Compute shortest paths between a source src and all other nodes in graph g using the D'Esopo-Pape algorithm. Return a Graphs.DEsopoPapeState with relevant traversal information.

Examples

julia> using Graphs

julia> ds = desopo_pape_shortest_paths(cycle_graph(5), 2);

julia> ds.dists
5-element Array{Int64,1}:
 1
 0
 1
 2
 2

julia> ds = desopo_pape_shortest_paths(path_graph(5), 2);

julia> ds.dists
5-element Array{Int64,1}:
 1
 0
 1
 2
 3

struct DijkstraState{T, U}

An AbstractPathState designed for Dijkstra shortest-paths calculations.

dijkstra_shortest_paths(g, srcs, distmx=weights(g));

Perform Dijkstra's algorithm on a graph, computing shortest distances between srcs and all other vertices. Return a Graphs.DijkstraState that contains various traversal information.

Optional Arguments

• allpaths=false: If true,

state.predecessors holds a vector, indexed by vertex, of all the predecessors discovered during shortest-path calculations. This keeps track of all parents when there are multiple shortest paths available from the source.

state.pathcounts holds a vector, indexed by vertex, of the number of shortest paths from the source to that vertex. The path count of a source vertex is always 1.0. The path count of an unreached vertex is always 0.0.

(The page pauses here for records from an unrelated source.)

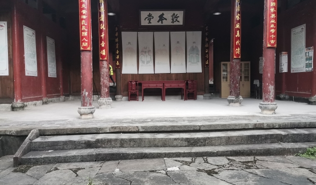 建筑简介:位于笔峰自然村 92 号民宅西侧 10米处,此宗祠始建于元朝,现在保留是清代重修建筑,三进二天井,坐北朝南,两侧马头山墙,硬山顶。前堂为砖木结构,面宽五间15.2米,进深 5.1米,抬梁式:正堂面宽五间 15.2米,进深7.6米,抬梁式,硬山顶,后堂为二层砖木结构,面宽五间 15.2米,进深5米,抬梁式 。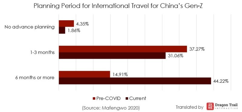 In comparison, Gen-Z’s attitude to travel overseas is very wary. According to the report, most young people would now plan at least a half a year in advance before traveling overseas. Those who would travel abroad spontaneously have fallen from 4.35% to just 1.86%. These findings don’t just reflect current attitudes, but current realities – with most parts of the world still not open to international tourism arrivals, limited flights, temporary closure of visa centers and other obstacles, it is only logical that travelers will need more time to make travel plans.
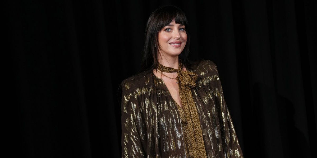 Zvezda filma "Pedeset nijansi siva" nosila je prozirni smeđi ogrtač sa zlatnim šljokicama i perjem, uparen sa senf bluzom sa mašnom i printom poput žirafe, a sve je začinila čipkanim šortsem i prozirnim hulahopkama sa romantičnim printom ruža.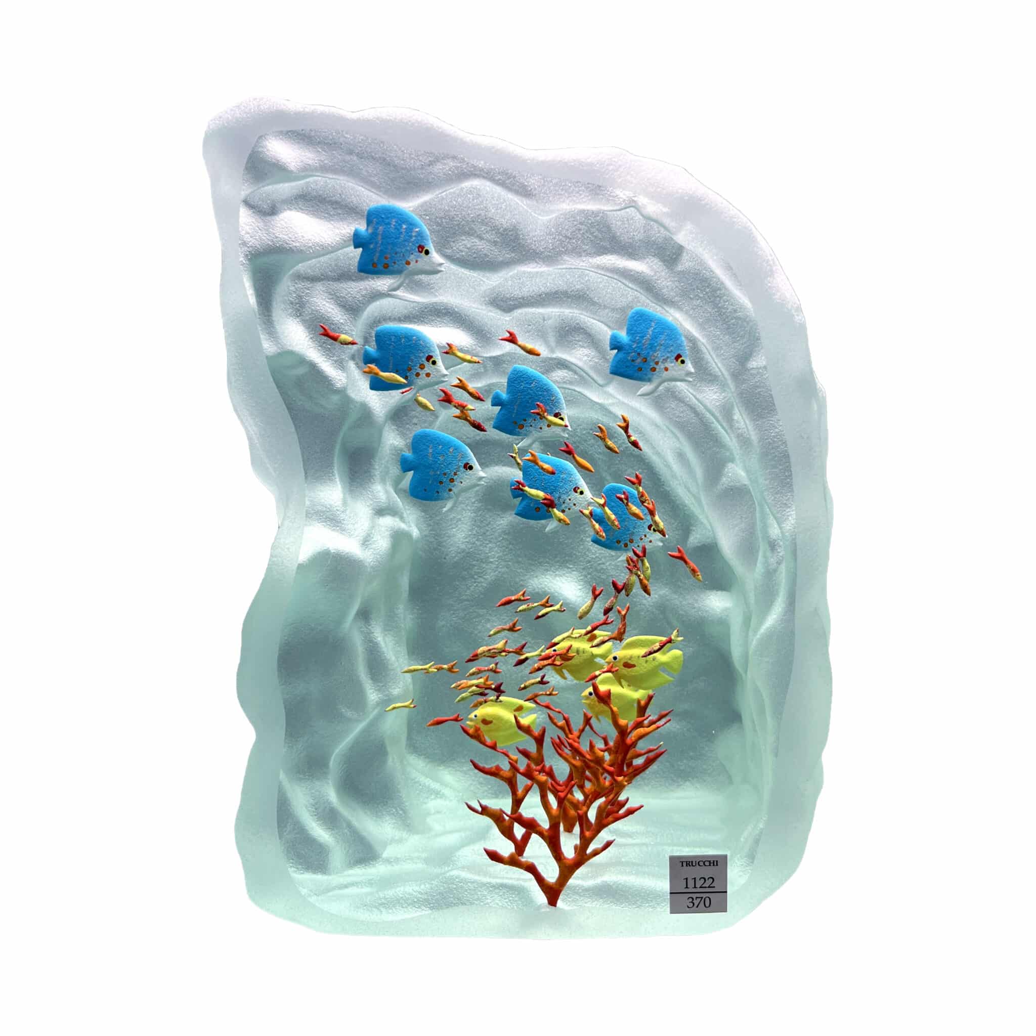 Décor entièrement réalisé à la main par gravure à froid sur plusieurs épaisseurs et inclusions de pigments de couleurs, figurant un motif de lagon aquatique en trois dimensions, montrant une multitude poissons multicolores, de coraux ou d’algues, sur fond de grotte marine.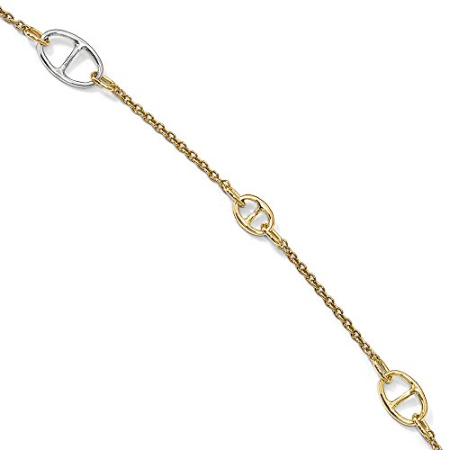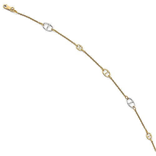 -. Binding : Jewelry -. Brand : The Black Bow -. Color : Yellow -. Department : womens -. Feature : Two tone 14k yellow and white gold / Approximate width 7.25mm / Length 10-inches / Average item weight is 2.99 grams / Includes our custom gift box -. Label : The Black Bow -. Manufacturer : The Black Bow -. Model : A8638 -. MPN : A8638 -. NumberOfItems : 1 -. PackageQuantity : 1 -. PartNumber : A8638 -. ProductGroup : Jewelry -. ProductTypeName : FINENECKLACEBRACELETANKLET -. Publisher : The Black Bow -. Studio : The Black Bow -. Title : 14K Two Tone Gold Cable and Anchor Link Anklet, 10 Inch

• trackvertices=false: If true,

state.closest_vertices holds a vector of all vertices in the graph ordered from closest to farthest.

Performance

If using a sparse matrix for distmx, you may achieve better performance by passing in a transpose of its sparse transpose. That is, assuming D is the sparse distance matrix:

D = transpose(sparse(transpose(D)))

Be aware that realizing the sparse transpose of D incurs a heavy one-time penalty, so this strategy should only be used when multiple calls to dijkstra_shortest_paths with the distance matrix are planned.

Examples

julia> using Graphs

julia> ds = dijkstra_shortest_paths(cycle_graph(5), 2);

julia> ds.dists
5-element Array{Int64,1}:
 1
 0
 1
 2
 2

julia> ds = dijkstra_shortest_paths(path_graph(5), 2);

julia> ds.dists
5-element Array{Int64,1}:
 1
 0
 1
 2
 3

struct FloydWarshallState{T, U}

An AbstractPathState designed for Floyd-Warshall shortest-paths calculations.

floyd_warshall_shortest_paths(g, distmx=weights(g))

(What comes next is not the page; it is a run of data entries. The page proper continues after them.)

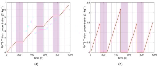 Increase of tritium concentration within primary coolant under assumed plasma operative sequence: (a) without CPS; (b) CPS off-line strategy, the whole PHTS water inventory is replaced with virgin water during in-vessel maintenance.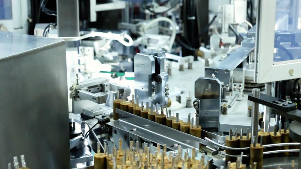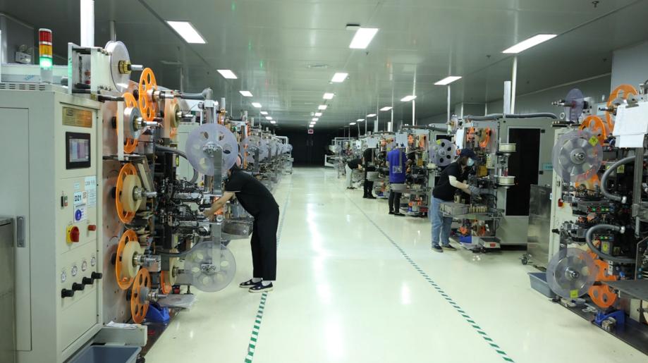 (公司生产的电解电容器产品从流水线上源源不断下线)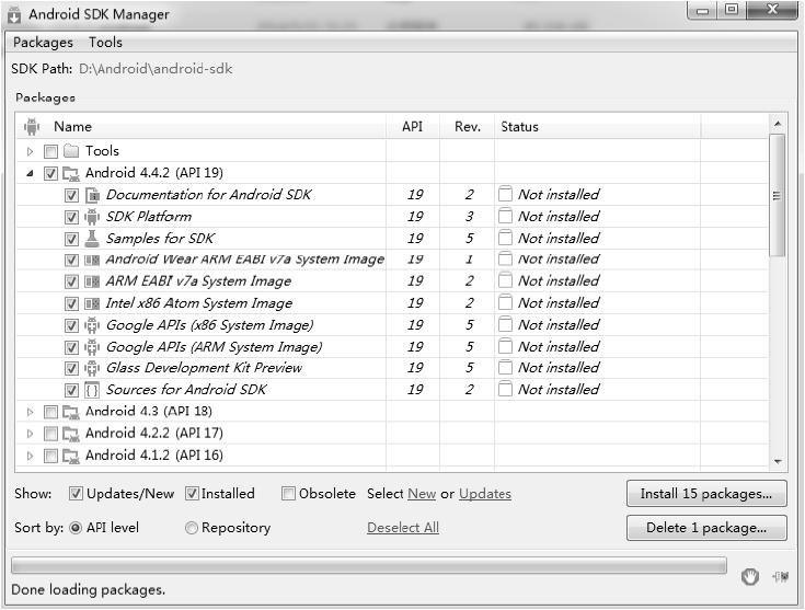 等到SDK Manager更新了在线的SDK描述信息后,把可以下载的SDK及工具都列了出来,如图3-25所示。

Use the Floyd-Warshall algorithm to compute the shortest paths between all pairs of vertices in graph g using an optional distance matrix distmx. Return a Graphs.FloydWarshallState with relevant traversal information.

Performance

Space complexity is on the order of $\mathcal{O}(|V|^2)$.

struct JohnsonState{T, U}

An AbstractPathState designed for Johnson shortest-paths calculations.

johnson_shortest_paths(g, distmx=weights(g))

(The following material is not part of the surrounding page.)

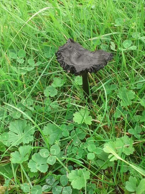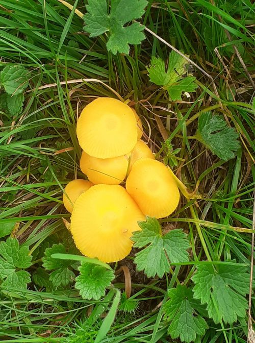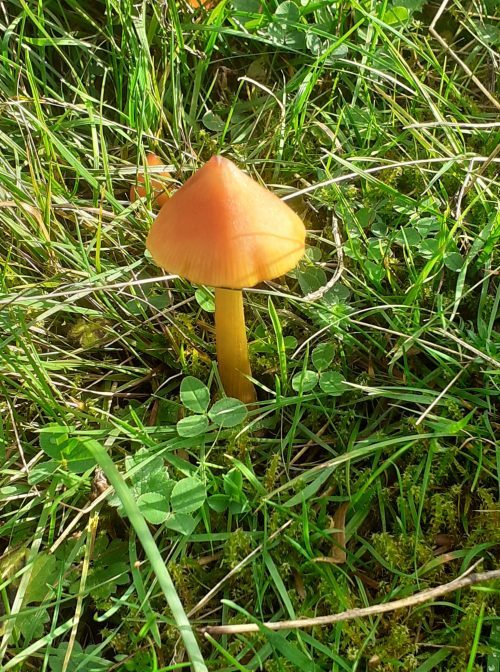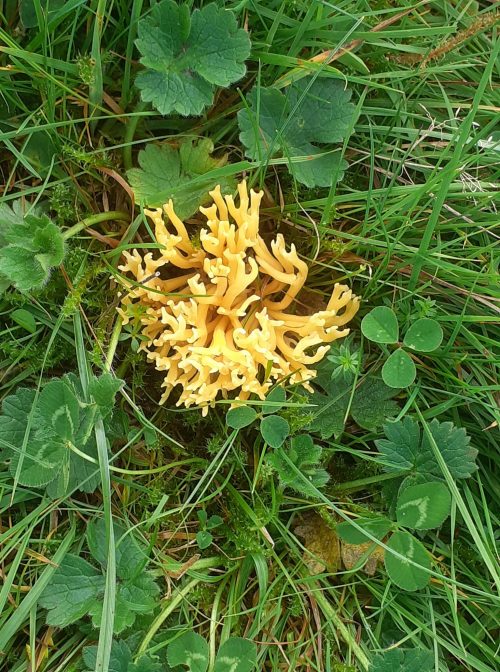 We saw five different species of waxcaps in this field (snowy, blackening, parrot, butter and honey waxcaps). My favourite was the parrot waxcap (Gliophorous psittacinus) with its glistening slimy emerald green cap as seen in the fresh young specimens. The stem is yellow at the base and the top half is green, as it matures the green colours fade to yellow. The blackening waxcaps (Hygrocybe conica) emerge with orange or scarlet caps which blacken with age and exposure to air. This was probably the most common waxcap in the field and we saw it in different stages of colour. Other fungi in the field included spindle coral (Clavulinopsis fusiformis) which are part of a large group of fungi with neither gills or pores. The spores develop on the outside of the fruiting body and are dispersed by wind or rain on maturity.

Use the Johnson algorithm to compute the shortest paths between all pairs of vertices in graph g using an optional distance matrix distmx.

Return a Graphs.JohnsonState with relevant traversal information.

Performance

Complexity: O(|V|*|E|)

Function which returns true if there is any negative weight cycle in the graph.

Examples

julia> g = complete_graph(3);

julia> d = [1 -3 1; -3 1 1; 1 1 1];

julia> has_negative_edge_cycle_spfa(g, d)
true

julia> g = complete_graph(4);

julia> d = [1 1 -1 1; 1 1 -1 1; 1 1 1 1; 1 1 1 1];

julia> has_negative_edge_cycle_spfa(g, d);
false

spfa_shortest_paths(g, s, distmx=weights(g))

Compute shortest paths between a source s and all other nodes in graph g using the [Shortest Path Faster Algorithm] (https://en.wikipedia.org/wiki/ShortestPathFaster_Algorithm).

Examples

julia> g = complete_graph(3);

julia> d = [1 -3 1; -3 1 1; 1 1 1];

julia> spfa_shortest_paths(g, 1, d)

ERROR: Graphs.NegativeCycleError()

julia> g = complete_graph(4);

julia> d = [1 1 -1 1; 1 1 -1 1; 1 1 1 1; 1 1 1 1];

julia> spfa_shortest_paths(gx, 1, d)

4-element Array{Int64,1}:
  0
  0
 -1
  0

struct YenState{T, U}

Designed for yen k-shortest-paths calculations.

yen_k_shortest_paths(g, source, target, distmx=weights(g), K=1; maxdist=Inf);

Perform Yen's algorithm on a graph, computing k-shortest distances between source and target other vertices. Return a YenState that contains distances and paths.